Each line below from the line with "Характеристики FUBAG Бензиновый" to the line with "Engineered for the" must be copied exactly, including those two, and no picture may appear in the copy.
The input below:
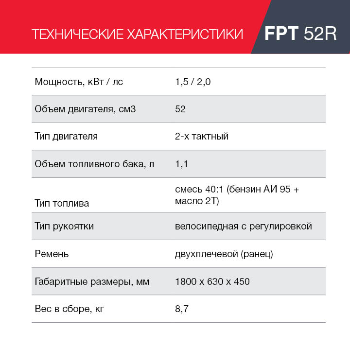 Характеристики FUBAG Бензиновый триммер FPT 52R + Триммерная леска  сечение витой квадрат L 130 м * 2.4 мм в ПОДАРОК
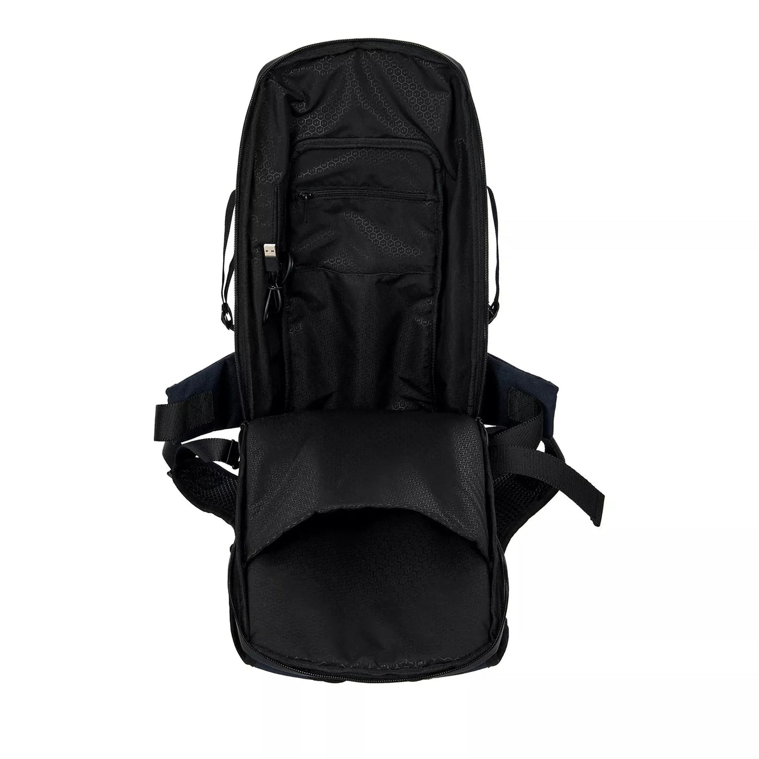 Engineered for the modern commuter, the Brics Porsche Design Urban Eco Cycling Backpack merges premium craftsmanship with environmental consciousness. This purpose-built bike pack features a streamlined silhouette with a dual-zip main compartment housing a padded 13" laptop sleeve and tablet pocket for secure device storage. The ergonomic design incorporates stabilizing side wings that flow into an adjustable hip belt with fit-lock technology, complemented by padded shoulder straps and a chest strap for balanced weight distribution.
End of The input.
The input below:
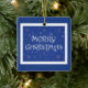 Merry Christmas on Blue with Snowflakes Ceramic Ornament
End of The input.
__Solution to this problem__:
 Характеристики FUBAG Бензиновый триммер FPT 52R + Триммерная леска  сечение витой квадрат L 130 м * 2.4 мм в ПОДАРОК
 Engineered for the modern commuter, the Brics Porsche Design Urban Eco Cycling Backpack merges premium craftsmanship with environmental consciousness. This purpose-built bike pack features a streamlined silhouette with a dual-zip main compartment housing a padded 13" laptop sleeve and tablet pocket for secure device storage. The ergonomic design incorporates stabilizing side wings that flow into an adjustable hip belt with fit-lock technology, complemented by padded shoulder straps and a chest strap for balanced weight distribution.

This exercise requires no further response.